Under the ADA, these entities must make recreational programs and services, including swimming pool programs, accessible to people with disabilities. The ADA requirements provide large pools must have two accessible means of entry, with at least one being a pool lift or sloped entry. Small pools are required to have one accessible means of entry, either a pool lift or a sloped entry.

Condominium associations and homeowners’ associations are generally not considered “places of public accommodation” under the ADA. Common areas of a homeowners’ association and common elements of a condominium, such as the clubhouse and pool, are not covered by the ADA where use is restricted exclusively to residents and their guests, and not open to the public. Exceptions may apply where short term rentals are permitted.

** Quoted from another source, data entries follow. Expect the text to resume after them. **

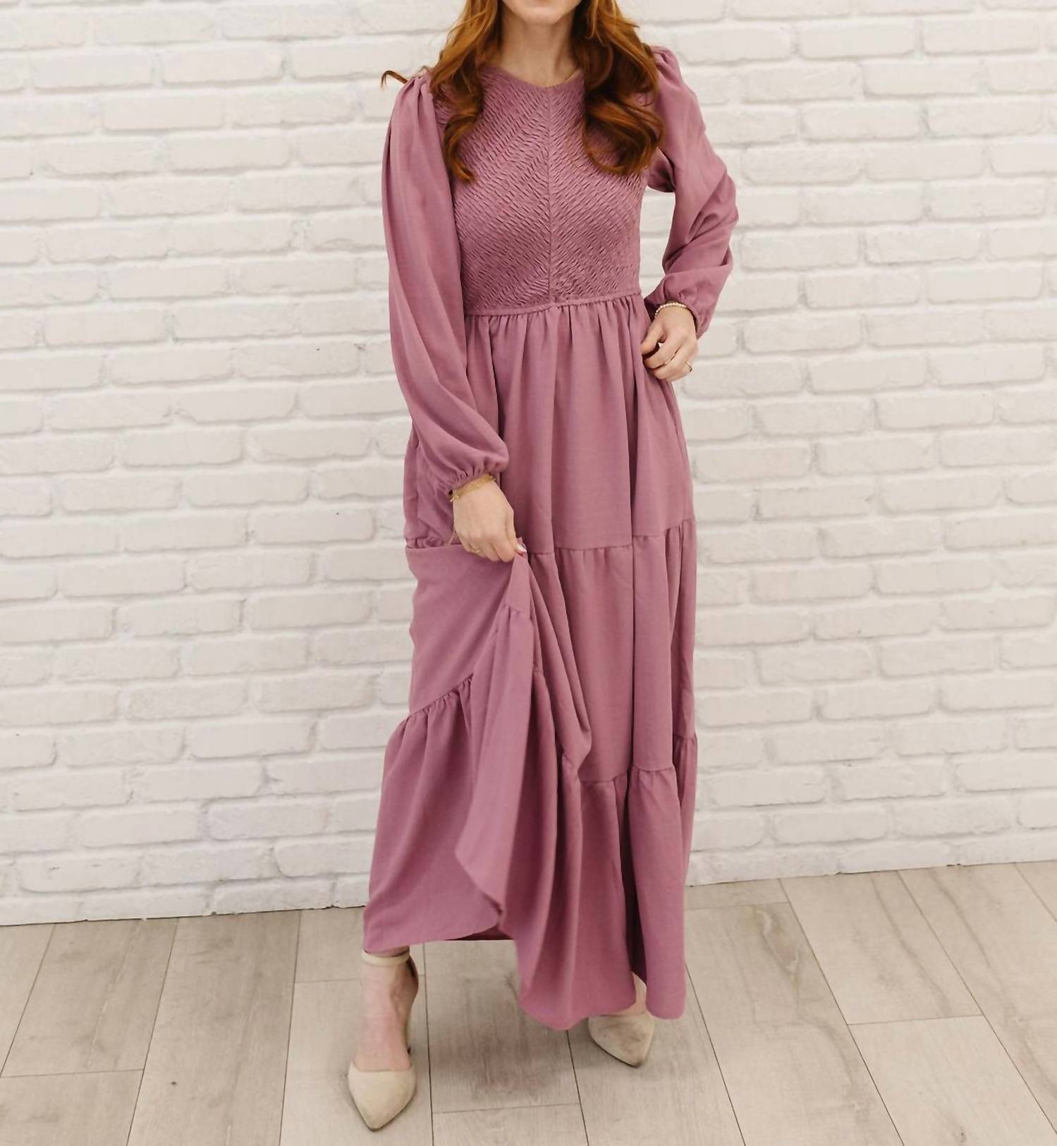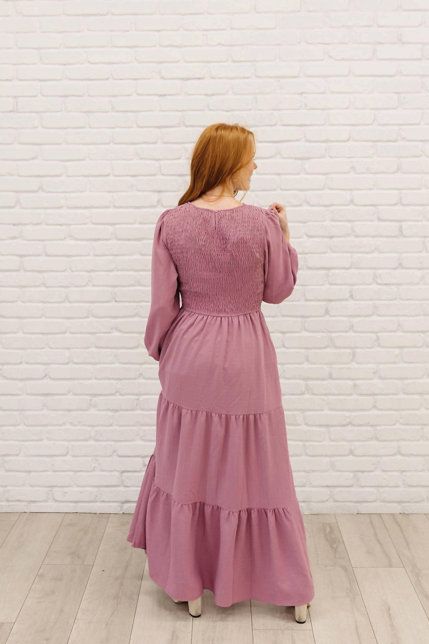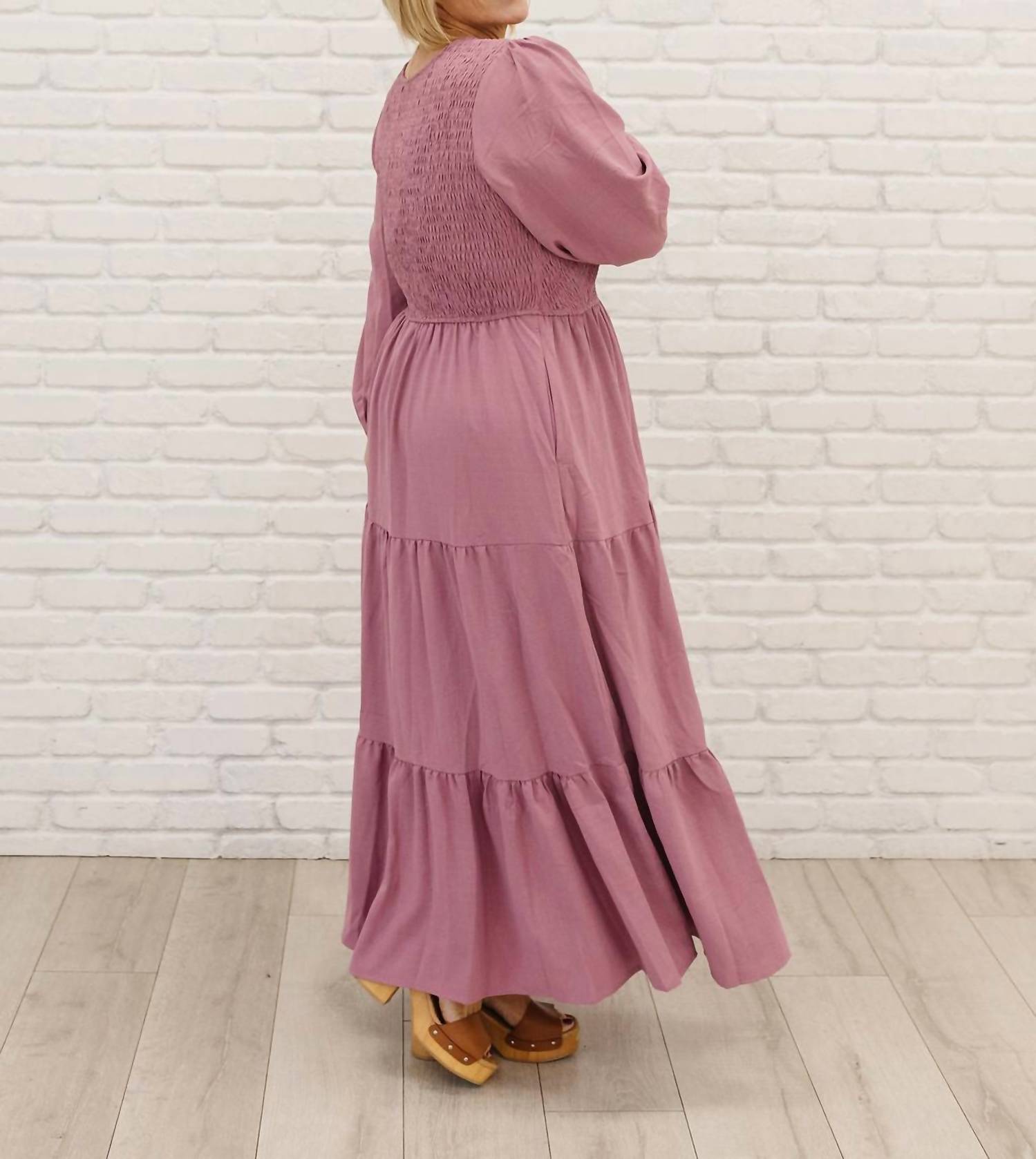 Style this maxi with your favorite statement necklace and sandals for the perfect look. Step out in style with the Polagram Isley Maxi Dress, a dusty rose beauty that captures attention at any gathering. This maxi dress features long sleeves with elastic cuffs and a smocked bodice with a tiered skirt, all brought together in an A-line silhouette. Crafted from 100% Rayon with a polyester lining, it offers both style and comfort and includes practical pockets for added convenience. Enjoy the ease of a pull-on closure, and for lasting elegance, hand wash cold and lay flat to dry. Model is 5'3" wearing size S: Length 54", Bust 32", Waist 28". Plus model is 5'7" wearing 1X: Length 55.5", Bust 44", Waist 38".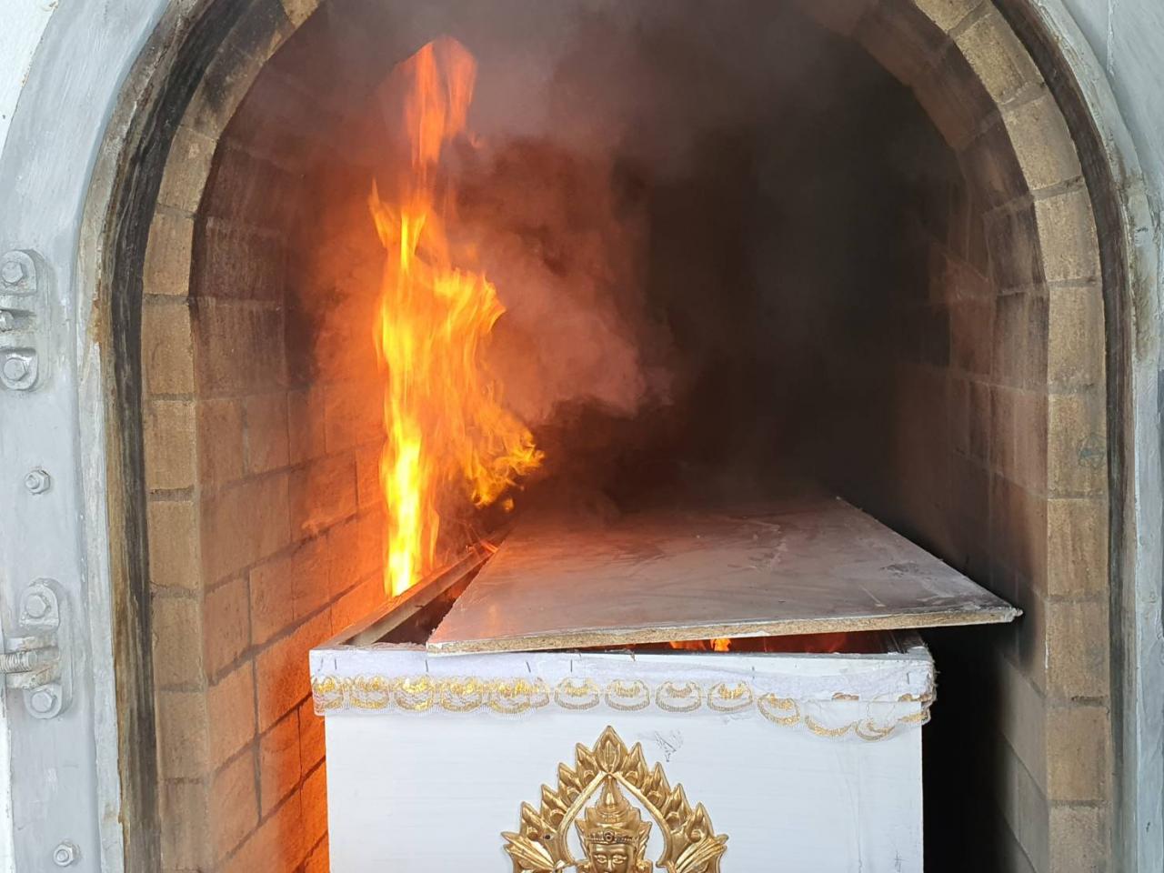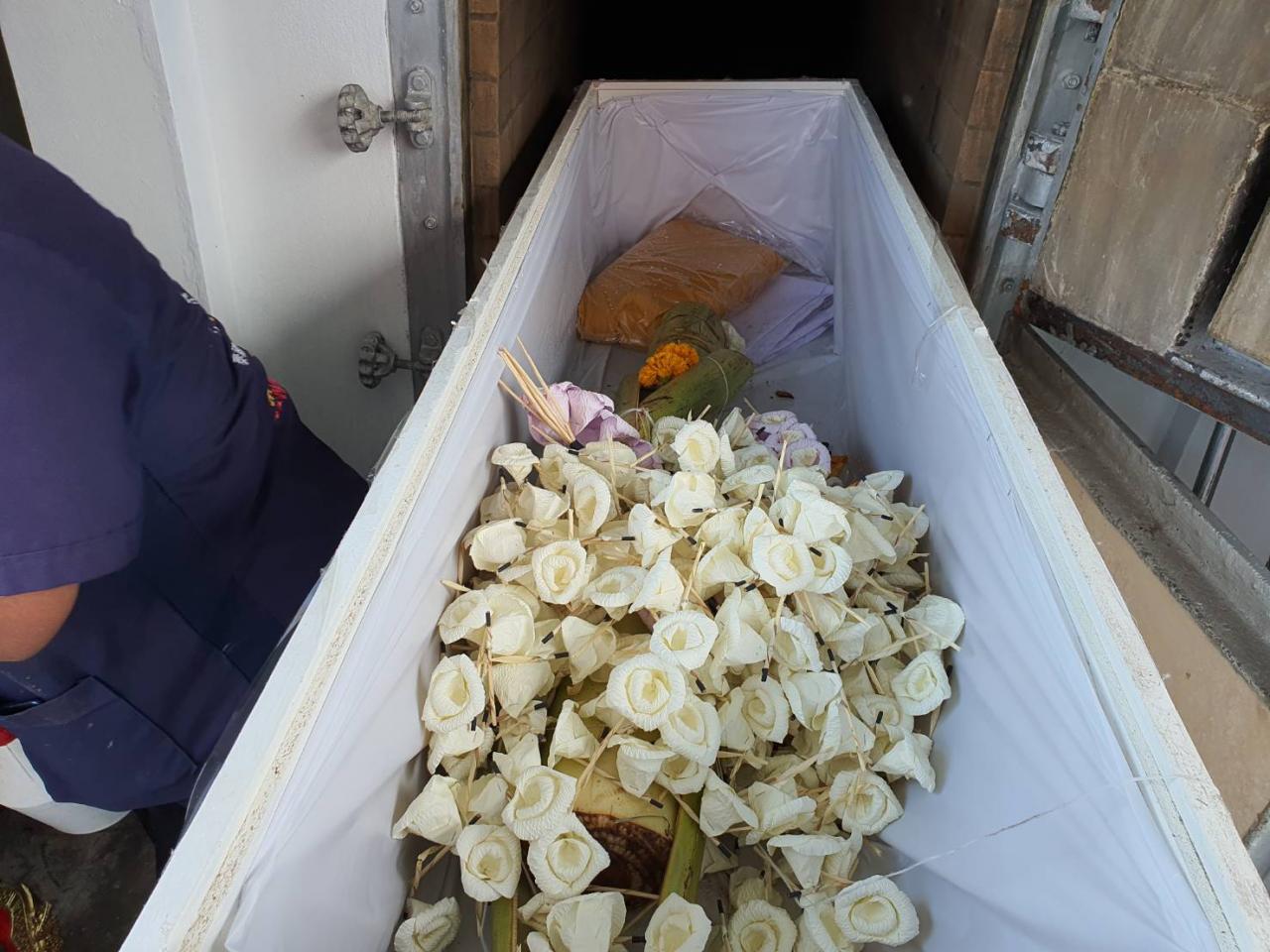 ซึ่งหลังจากพระและชาวบ้านวางดอกไม้จันทน์เสร็จ สัปเหร่อเผาเข้าเตาเผาซึ่งมีทั้งเสียงพระและชาวบ้านขานเลข "124" ดังลั่น ซึ่งเป็นเลขอายุผีคุณกล้วย หลังจากนั้นสัปเหร่อได้ยกโลงเข้าเตาเผาจุดไฟ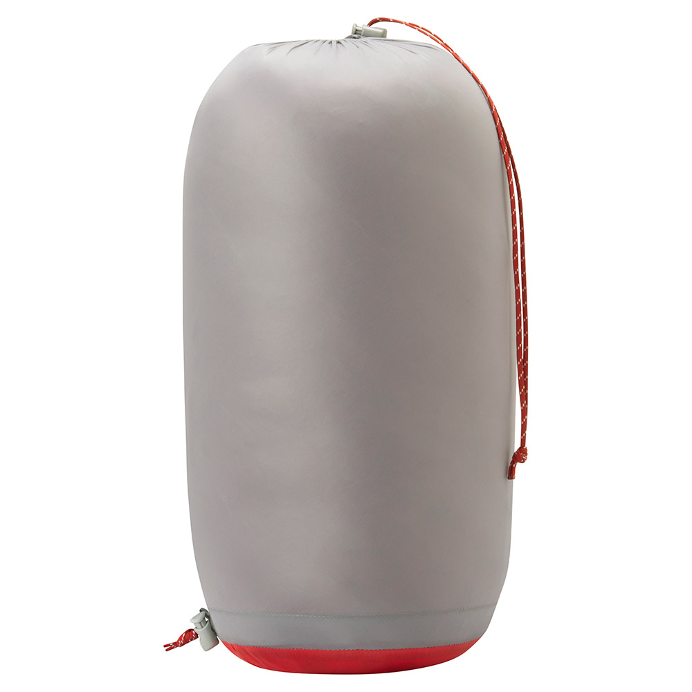 収納後、さらにボトムを絞ることで、2段階に圧縮が可能。レギュラーモデルと比較し、よりコンパクトに収納しやすいスタッフバッグが付属します。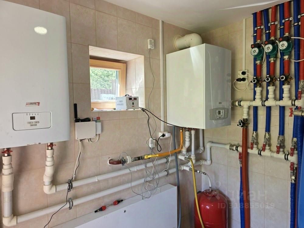 Коммуникации: Магистральный газ. Газовый котел BAXI - 70 кВт. Выделенная электрическая мощность 50 кВт. Водоснабжение скважина. Отопление: газовый котел, водяные радиаторы, камины Канализация: септик Приточно-вытяжная установка Komfovent, которая обеспечивает в каждой комнате дома свежий уличный воздух.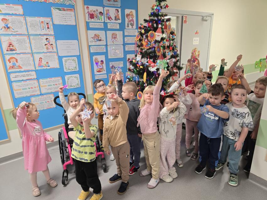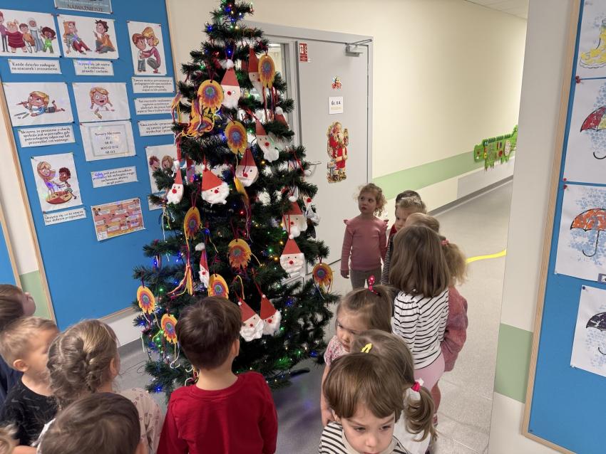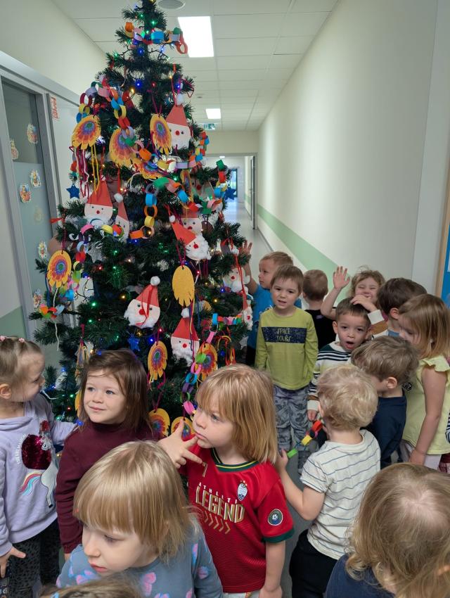 Coraz bliżej święta, więc zdolne dzieci z naszego przedszkola przyozdobiły choinkę na holu własnoręcznie wykonanymi ozdobami. Nasze świąteczne drzewko wygląda przepięknie. Również na salach pojawiły się choinki ubrane przez dzieci. Więcej zdjęć w zakładce Galeria: Choinko piękna jak las... - ubieranie świątecznych drzewek cz.II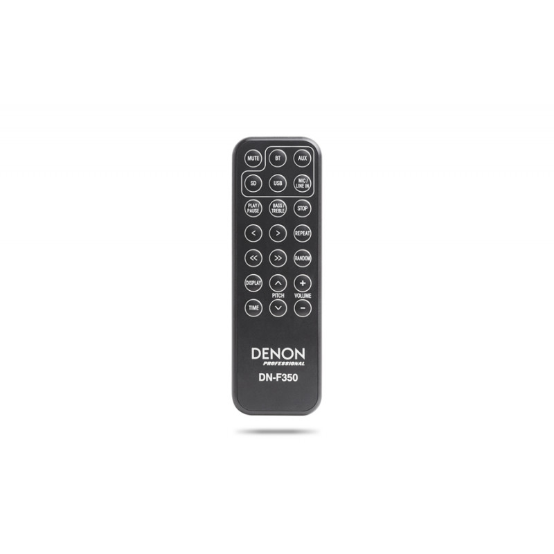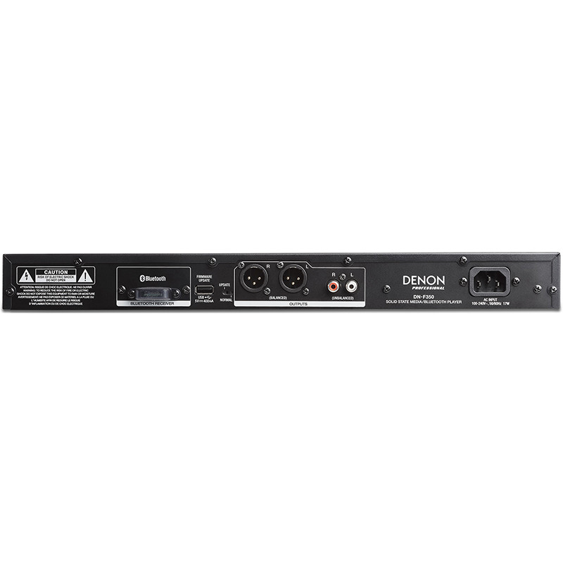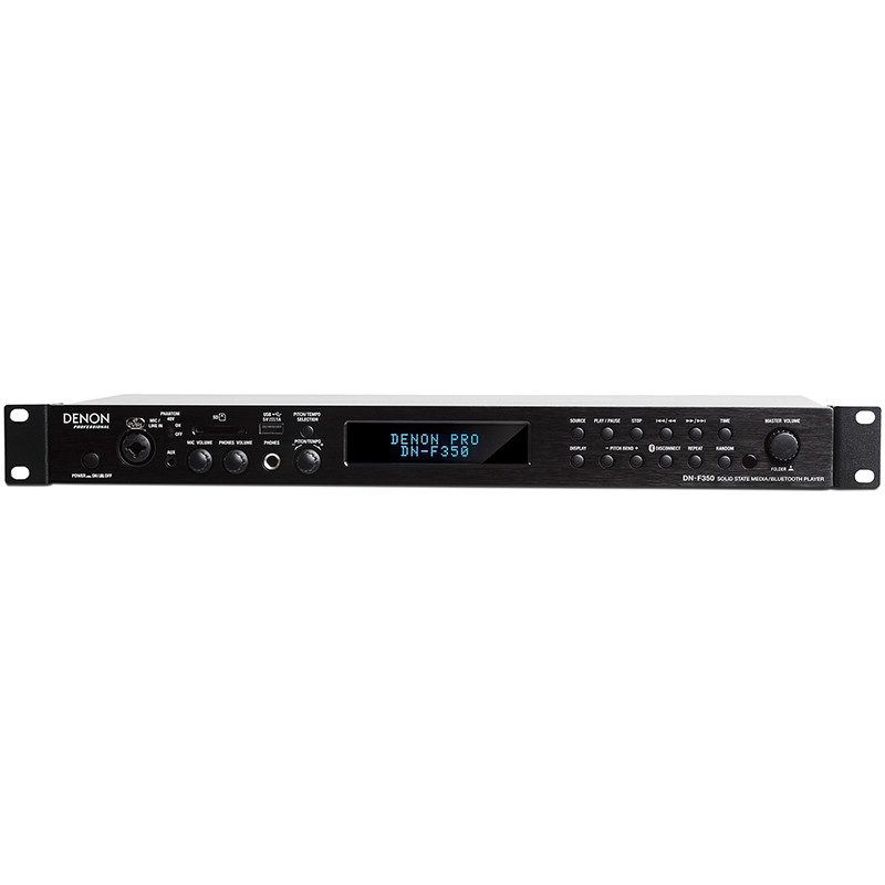 DENON DN-F350 - професійний гравець в 1U-високому рекетира. Діапазон частот 20 Гц становить 20 кГц. Передача аудіо через Bluetooth, діапазон до 50 метрів, підключення до 8 пристроїв. Гніздо для SD-карти. Фантомний мікрофон / лінійний вхід, вхід AUX, вихід навушників, баланс і виходи позабалансом.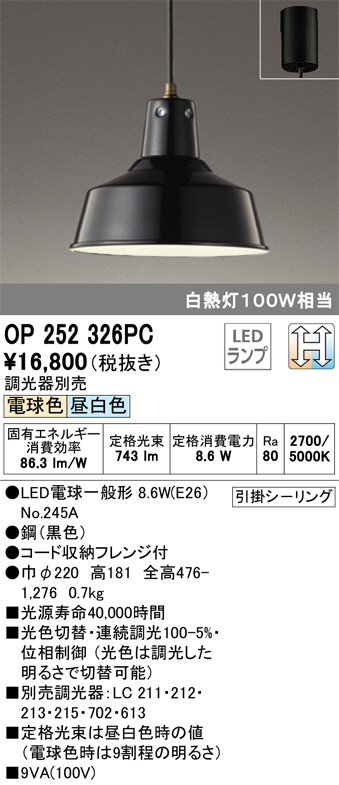 ODELIC ¥ª¡¼¥Ç¥ê¥Ã¥¯ ¥Ú¥ó¥À¥ó¥È¥é¥¤¥È OP252326PC

Your HOA is likely not legally required to retrofit to make the swimming pool accessible, provided that it was constructed in accordance with the building codes which existed when the pool was constructed. In some cases, ADA standards are built into building codes and may also be necessary to follow in connection with major renovations.

The federal Fair Housing Act (“FHA”) permits disabled individuals, at their own expense, to make “reasonable modifications” to the common property of an association when such modifications are necessary to permit that individual to use the property for the purpose intended. For example, it is likely that the FHA would require an association to permit a disabled resident to add, at his or her own expense, a pool lift to a commonly-used swimming pool, provided the nature and manner of the requested modification was reasonable.